L’internet des Objets se caractérisant comme une symbiose de la réalité et de la virtualité, il ne s’agit pas de le gouverner « par décret » mais il s’avère nécessaire de le superviser pour en détecter les dérapages éventuels.

Cette nouvelle gouvernance doit être exercée par rapport à un système de valeurs commun à l’ensemble des acteurs de l’IOT : il s’agit ici d’un contrôle basé sur la déontologie ou l’éthique.

Ce système de valeur étant attaché à un système, par nature complexe et en constante évolution, il est donc « vivant » au même titre que le système qu’il « qualifie ».

Il doit donc être « revisité » périodiquement afin de s’assurer de la bonne convergence des buts de l’ensemble des acteurs et de la mise en perspective concomitante des buts de chaque organisation émergente.

Dit autrement : Il s’agir de qualifier les objectifs poursuivis par chaque nouvelle émergence vis à vis des objectifs généraux.

Un tel mode de gouvernance focalise sur les objectifs poursuivis et moins sur les moyens.

Ce système de valeurs irait au delà de ce qu’est une CONSTITUTION (comme il en existe dans les Républiques) car il prendrait en compte : des valeurs constitutionnelles (admises par tous) + des valeurs comportementales (souvent contextuelles) ainsi que des valeurs économiques (création de valeur ajoutée, rareté, etc.).

Sa finalité propre, en tant que « Système de valeurs », serait entre autres :

  • d’éviter des situations hégémoniques
  • D’éviter le chaos général
  • De permettre la qualification de chaque tendance émergente selon les effets qu’elle pourrait engendrer sur l’ensemble du système et selon ses propres critères d’appréciation du moment.

Cette analyse relative à l’Internet des objets reste encore confinée à quelques personnes ou organismes, il est donc nécessaire, pour avancer dans le sens d’une Gouvernance adaptée, qu’elle devienne préalablement partagée par un plus grand nombre.

Un « système de valeurs » tel que décrit dans les pages précédentes, pourrait être géré par une communauté de sages, reconnus à l’échelle internationale et dégagés de toute contrainte ou contrôle direct.
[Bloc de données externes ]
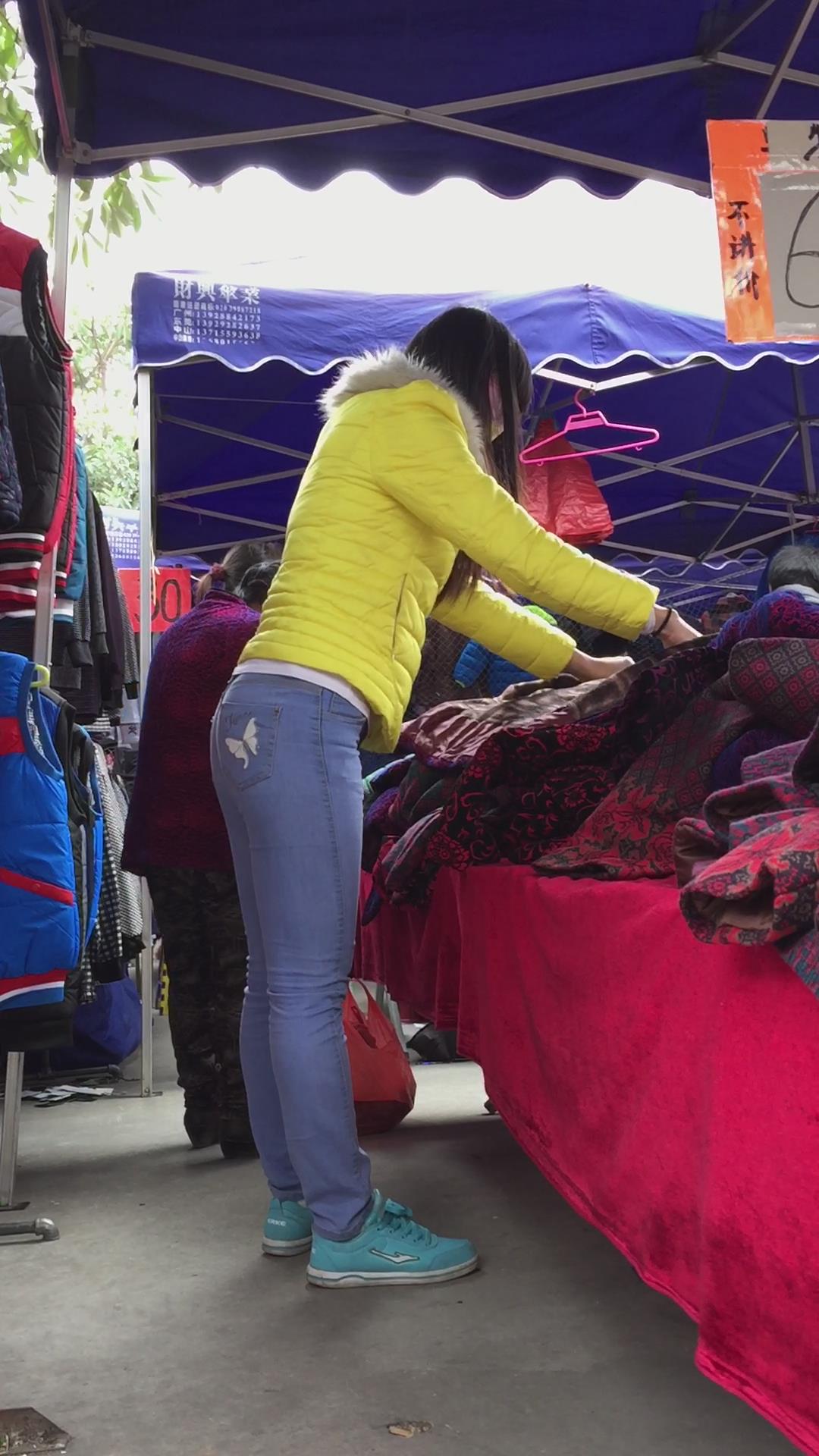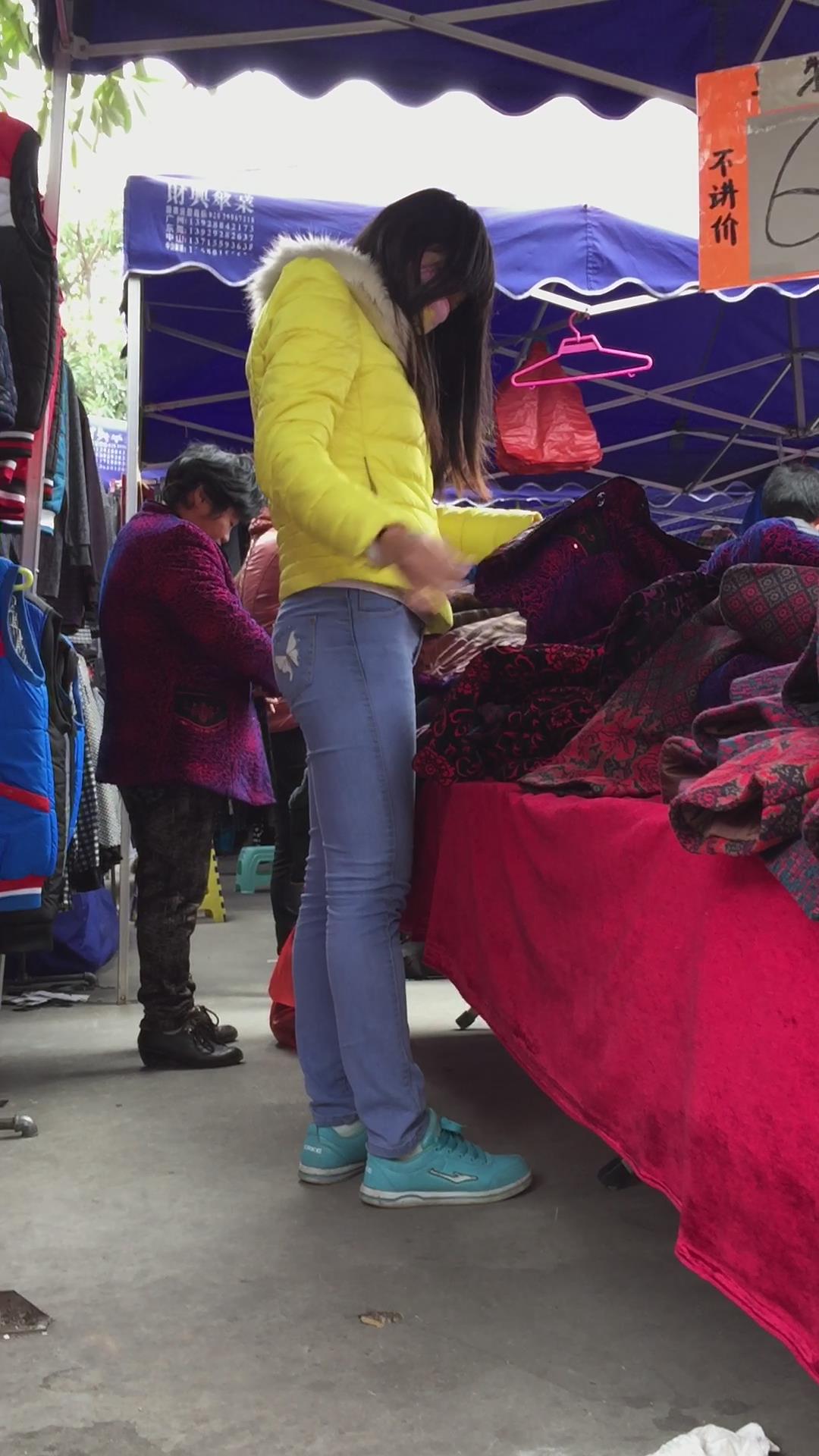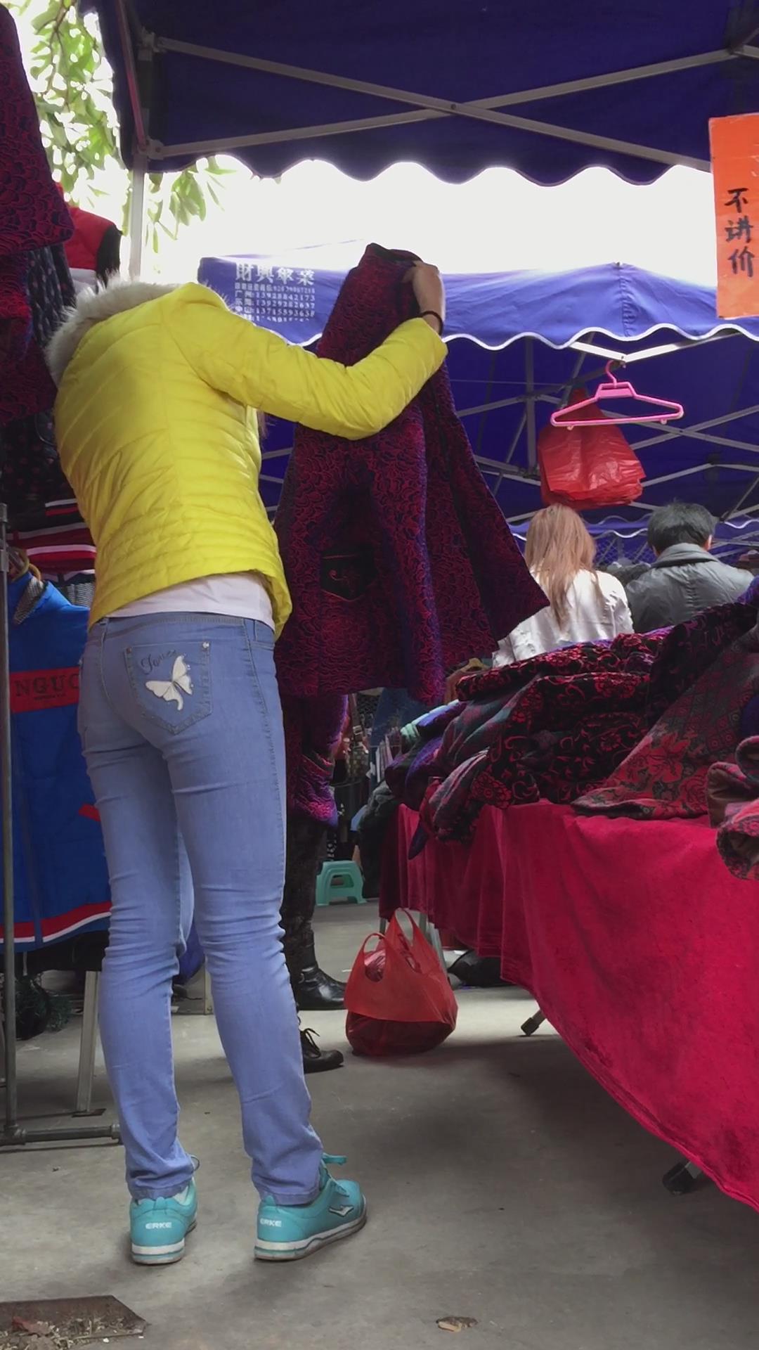 蓝色紧身牛仔小肥妹是个孝顺的孩子,给家里老人买衣服 编号5483 |
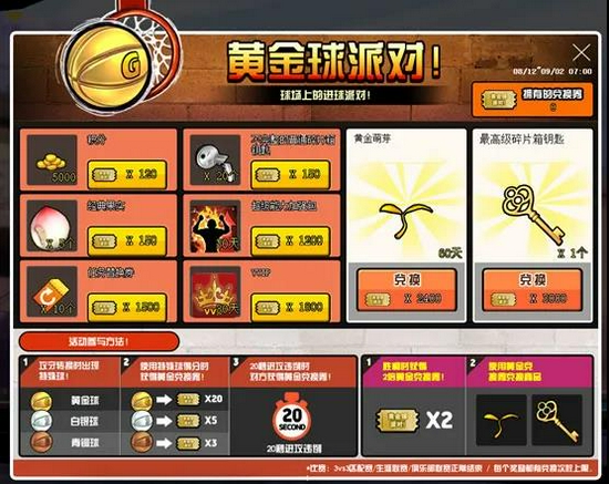 8月12日服务器维护后~9月2日上午7点期间,攻守转换开球时概率出现特殊球。使用特殊球得分时获得黄金兑换券。持有黄金球,出现20秒违例时,对方获得黄金兑换券。胜利时获得两倍黄金兑换券。黄金兑换券可兑换活动商品。每个奖励都有兑换次数限制。3V3匹配赛/俱乐部联赛中才会出现特殊球。
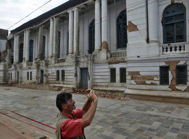 La foto del día. Un turista fotografía un edificio dañado cerca de la plaza Basantapur Durbar, de Katmandú, Nepal.
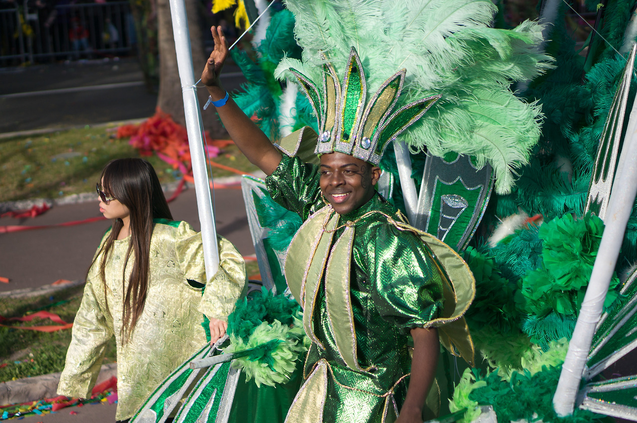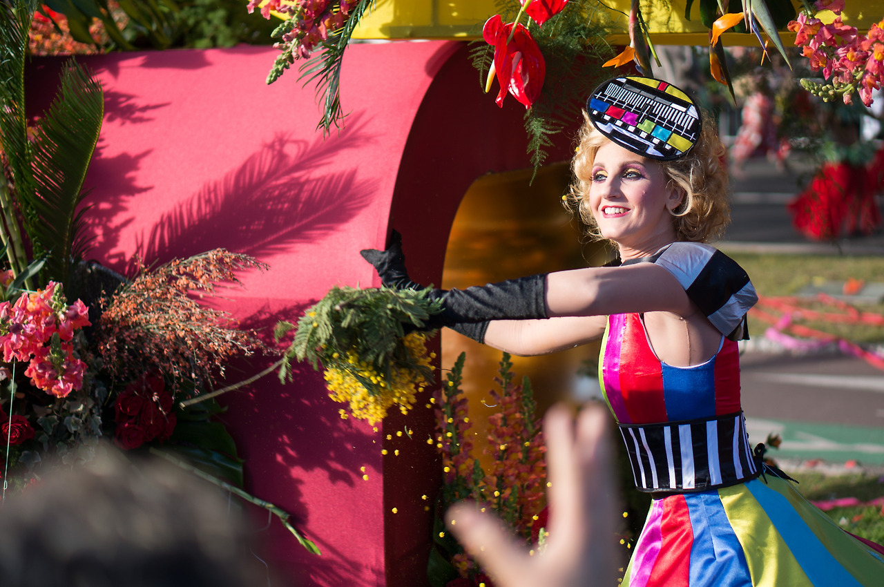 와이파이 보이, 걸(?)들의 경쾌한 율동과 묘기를 시작으로 하여 곧이어 꽃마차가 우리 앞을 하나 둘 씩 지나갔다. 꽃을 던져주는 꽃의 여신(?)들은 대체로 미인들이었다. 카니발이 열리기 전에는 꽃마차에 오를 사람을 뽑는 미인대회가 열린다고 한다.

Ils assumeraient la gestion « permanente » du système de valeurs afin :

  • d’intégrer progressivement les organisations émergentes et limiter ainsi le chaos ambiant
  • De limiter le nombre de perturbations mutuelles créées par les divergences de buts

La mise en place de ces outils de gouvernance (constitution « vivante » et « assemblée de sages ») passe par une prise de conscience politique des enjeux et des mécanismes de l’Internet des Objets tels qu’ils sont définis dans cette présentation.

Il semble que nous en soyons encore loin aujourd’hui, d’autant que nos organisations politiques n’ont pas non plus réalisé leur propre révolution systémique.